Dynamic forces shape [theater] participation patterns in each community, including characteristics of the resident and nonresident markets, the supply of producing and presenting activity, the availability of suitable performance facilities, as well as local traditions and history."  And further, that vital [theater-going] communities will exist where vital theatre producing communities are active and available. 

The report specifically identifies highest theatre participation rates in "Seattle/King County (WA) where a thriving theatre community was observed, including playwrights, actors, and a plethora of small, experimental ensembles known collectively as ‘Seattle’s fringe theaters.’" 
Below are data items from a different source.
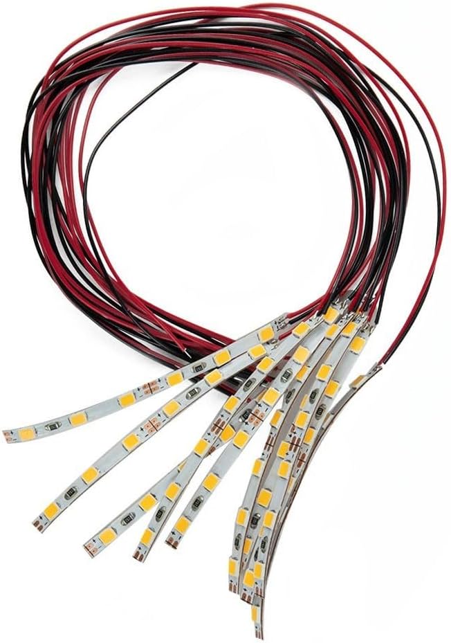 Installazione flessibile e facile: la striscia luminosa a LED precablata è dotata di un retro autoadesivo, che consente un'installazione facile e flessibile. Questo lo rende perfetto per varie applicazioni, come case delle bambole, stanze in miniatura e accessori laterali per binari ferroviari modellini. Illuminazione uniforme e grandangolare: con un angolo di visione di 120°, questa striscia luminosa a LED fornisce un'illuminazione uniforme, che i tuoi modelli sono ben illuminati da tutte le angolazioni. Alimentazione: la striscia luminosa a LED è compatibile con fonti di alimentazione CA e CC, con una tensione diretta di 12 V ~ 18 V. Questa versatilità consente una facile integrazione in diverse configurazioni e ambienti. Basso consumo energetico: la striscia luminosa a LED funziona con una corrente diretta di 20 mA/30 mA, che garantisce un consumo energetico efficiente pur fornendo un'ampia illuminazione.
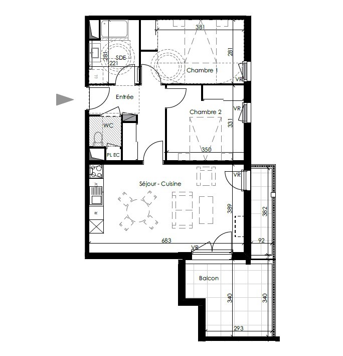 T3 NEUF de 66.43 m² avec un agréable balcon de 15.22 m². Il se compose d'une entrée, d'une pièce de vie ouverte sur une cuisine équipée (évier, plaque de cuisson, hotte, meubles de rangement) prolongée par l'extérieur. Vous profiterez également de deux chambres, d'une salle d'eau (douche, meuble vasque, miroir) et WC séparés. Chauffage et eau chaude compris dans les charges.
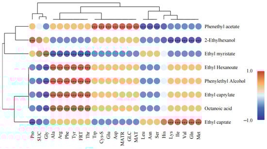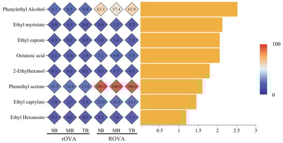 The variables’ importance in projection (VIP) score quantified the contribution of each compound to the model classification of the samples, and compounds with VIP > 1 played a key role in the classification of the samples []. Sixteen key differentially VCs were screened based on VIP > 1 (Figure 4c), including 3-methyl-1-butanol (VIP: 2.58), 2-ethylhexanol (VIP: 1.80), phenylethyl alcohol (VIP: 2.52), 1-hexadecanol (VIP: 1.27), ethyl acetate (VIP: 1.11), isoamyl acetate (VIP: 2.13), ethyl hexanoate (VIP: 1.19), ethyl caprylate (VIP: 1.45), ethyl caprate (VIP: 2.06), phenethyl acetate (VIP: 1.61), ethyl laurate (VIP: 1.99), palmitic acid ethyl ester (VIP: 1.03), ethyl 9-hexadecenoate (VIP: 1.73), ethyl myristate (VIP: 2.13), octanoic acid (VIP: 2.05), and decanoic acid (VIP: 1.33). Thus, the different row-types of malt affect the flavor of the beer mainly by influencing the content of these 16 compounds. However, further systematic analysis of the VCs was required to fully quantify and assess the contribution of each volatile compound to the overall beer’s VCs.
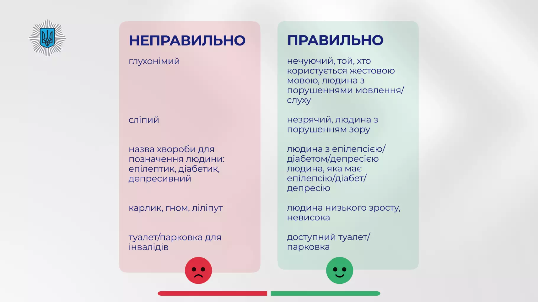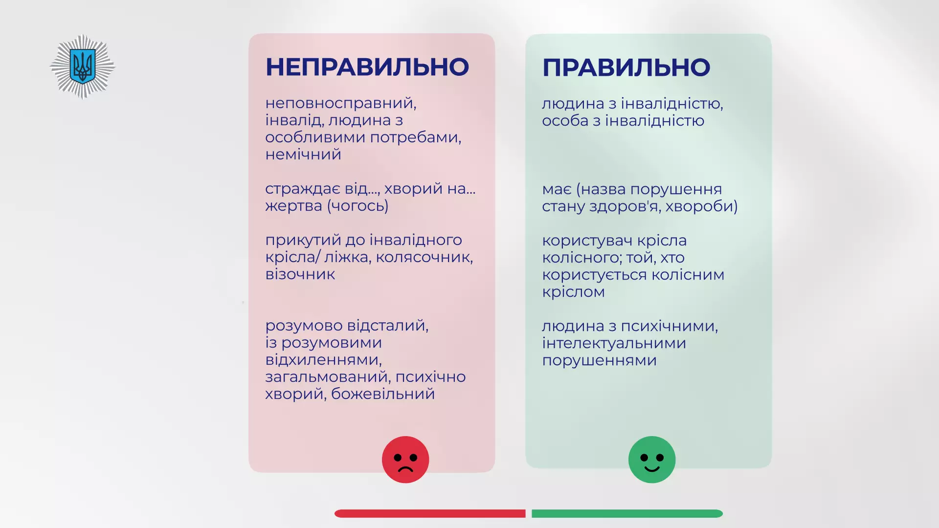 Уникайте мови жалю. Фрази на кшталт «страждає від» або «жертва» несуть негативний контекст, тому краще використовувати нейтральні вирази, як-от «живе з» або «має». Використання коректної термінології у спілкуванні з людьми з інвалідністю дозволяє уникати стереотипів, дискримінації, підтримувати рівність і виявляти повагу до кожної особистості.
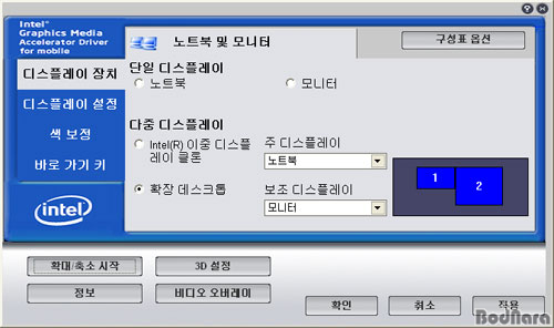 ³»Àå ±×·¡ÇÈ ±â´ÉÀ¸·Î ÀÎÅÚ GMA 950 ±×·¡ÇÈ Äھ µé¾î°¬´Âµ¥, D-SUB Ãâ·ÂÀ» ÅëÇØ¼­ ¿ÜºÎ ¸ð´ÏÅ͸¦ ¿¬°áÇØ ´ÙÁß µð½ºÇ÷¹ÀÌ ±¸¼ºÀ» Áö¿øÇÑ´Ù. ´ÙÁß µð½ºÇ÷¹ÀÌ ¸ðµå·Î´Â ¶È°°Àº È­¸éÀ» º¸¿©Áִ Ŭ·Ð ¸ðµå¿Í È®ÀåµÈ ÇØ»óµµ¸¦ Ç¥ÇöÇÏ´Â È®Àå µ¥½ºÅ©Åé ±â´ÉÀ» Á¦°øÇϸç, µð½ºÇ÷¹À̺°·Î »ö ǰÁú, ÇØ»óµµ, ÁÖ»çÀ², ȸÀü µîÀ» Á¶ÀýÇÒ ¼ö ÀÖ´Ù.
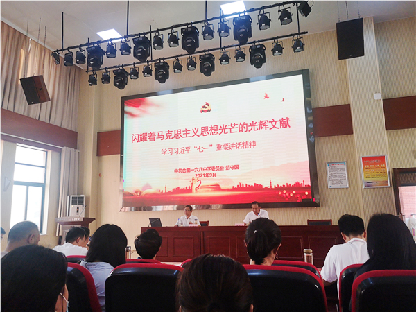 为深入学习贯彻习近平总书记“七一”讲话精神,9月15日下午,中共合肥一六八新店花园学校支部邀请中共合肥一六八中学委员会书记范守国给全体党员上了一节精彩的党课——《闪耀着马克思主义思想光芒的光辉文献——学习习近平“七一”重要讲话精神》,党课由合肥一六八新店花园学校党支部书记梁昌波主持。合肥一六八新店花园学校和合肥一六八中学教育集团陶冲湖校区全体党员参加了学习。
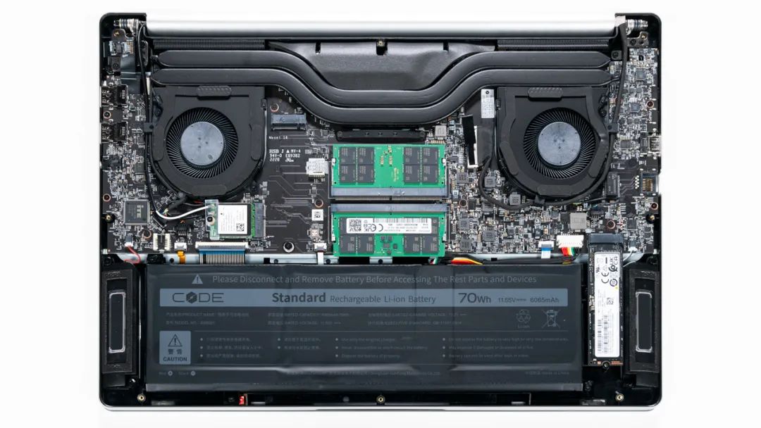上图是机械革命 Code 01的拆机实拍图,双风扇双热管的组合。
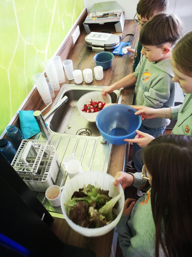Natürlich musste das frische Gemüse auch probiert werden! Gemeinsam wurde geerntet, gewaschen, geschnippelt und schließlich ein kleines Buffet für die ganze Gruppe zubereitet. Dabei kam der Spaß nicht zu kurz! Das Gefühl, die Früchte der eigenen Arbeit zu genießen, war einfach unbezahlbar.
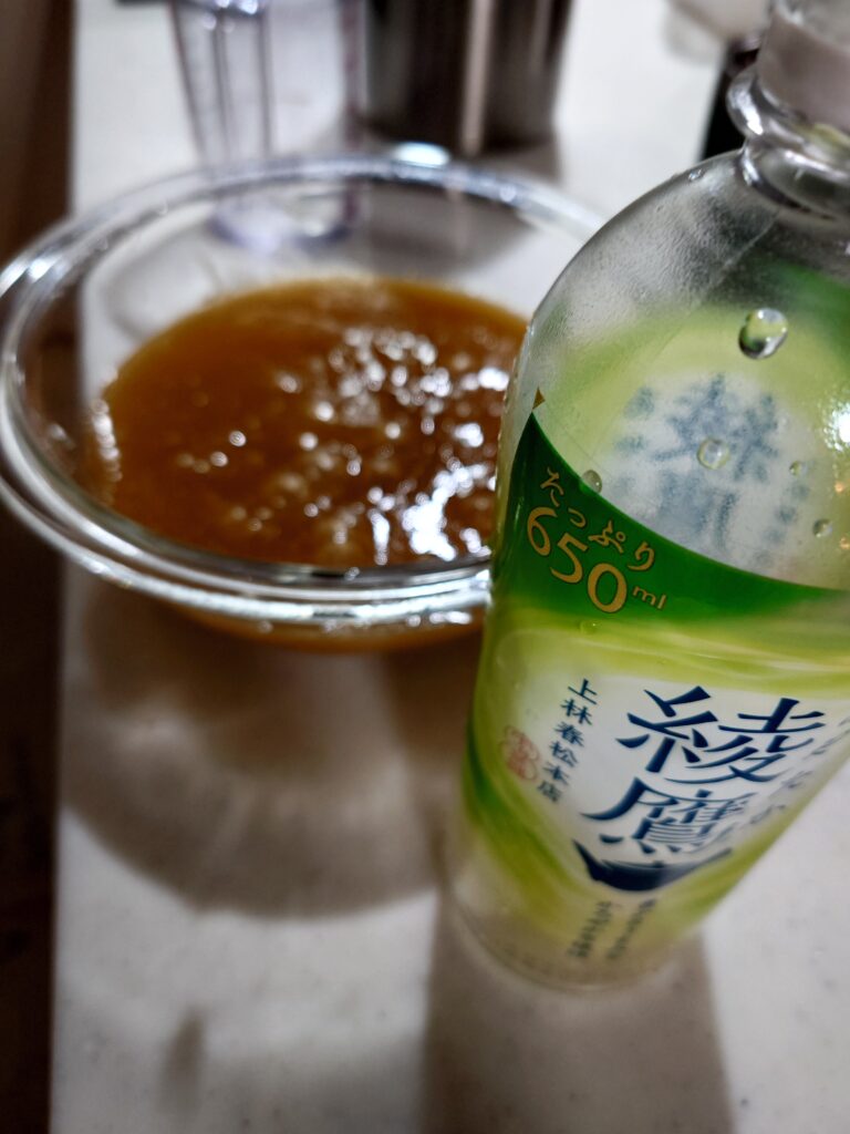 私はいつもレシピの2倍の量を作っている。お茶600~650ml、サイリウム(オオバコ)20g、ラカント大さじ6だ。私は買いだめしてある綾鷹650mlをまるまる使って作っているので、計量カップすら要らない。めちゃくちゃ楽なレシピである。
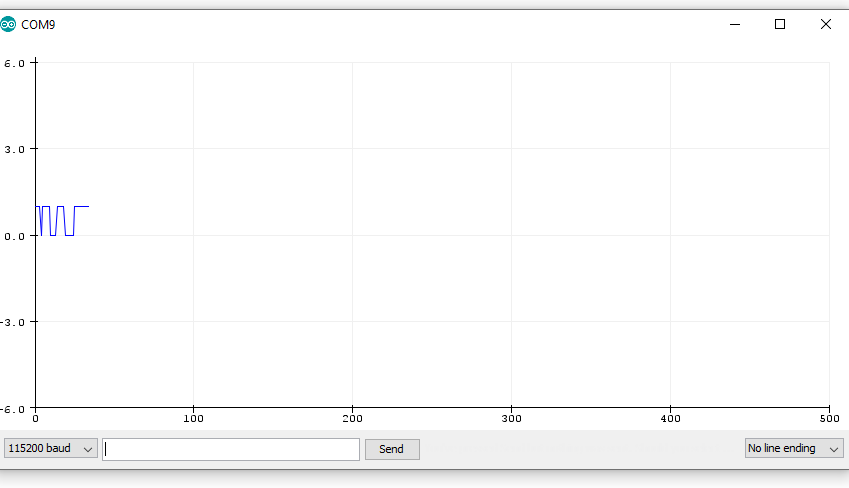 Test ook opnieuw je Serial Plotter. Voeg wat extra delay() toe als de plot niet duidelijk is
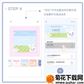 “样式”中可设置各种可爱外观,长按事件可拖动排序。
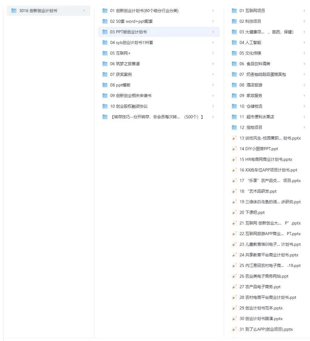 - 创业与商业类:75套商业计划书PPT模板、创新创业计划书(含80个细分行业分类、PPT版创业计划书、syb创业计划书199套),还有互联网、科技、大健康、文化传媒等垂直领域的创业项目PPT,为创业者提供专业的方案展示工具。

Cleveland, Ohio, certainly has the potential of becoming one of the most successful theatre communities in the United States.  It has a diverse mixture of urban education centers and populations, interested young artists, and established veteran performers, directors, designers, and technicians combined with an historic economic downturn that has left numerous, low-cost spaces accessible and available for use.  This is to say that established, highly-priced, conservative theaters no longer hold the keys to gates of theater entertainment in the Northeast Ohio community. (A fact pointed out in a recent speech on local theater.)

Still, formal external funding sources seem to be the meat and potatoes of most arts organizations: either government sources (such as the newly created Cuyahoga Arts and Culture grants) or foundation sources.  These constitute one set of external stakeholders. While it is easy to see these sources as not only important but a possible bounty, reliance on these sources does not seem to me overly wise or recommended.  Changes in funding priorities or changes in government policies can bring a drought to stream very quickly.  Additionally, one of the dangers in accepting funding from a foundation is that there is some expectation of programming to go along with it, that an organization might, like one sister in Cinderella, cut off her toes to fit the shoe.  This fact is made poignantly clear by Mike Daisy in his article How Theater Failed America, when he writes:

Better to invest in another "educational" youth program, mashing up Shakespeare until it is a thin, lifeless paste that any reasonable person would reject as disgusting, but garners more grant money.5

This may be a cynical viewpoint, but if it weren’t true there wouldn’t be a phrase for it in the nonprofit "biz": mission drift.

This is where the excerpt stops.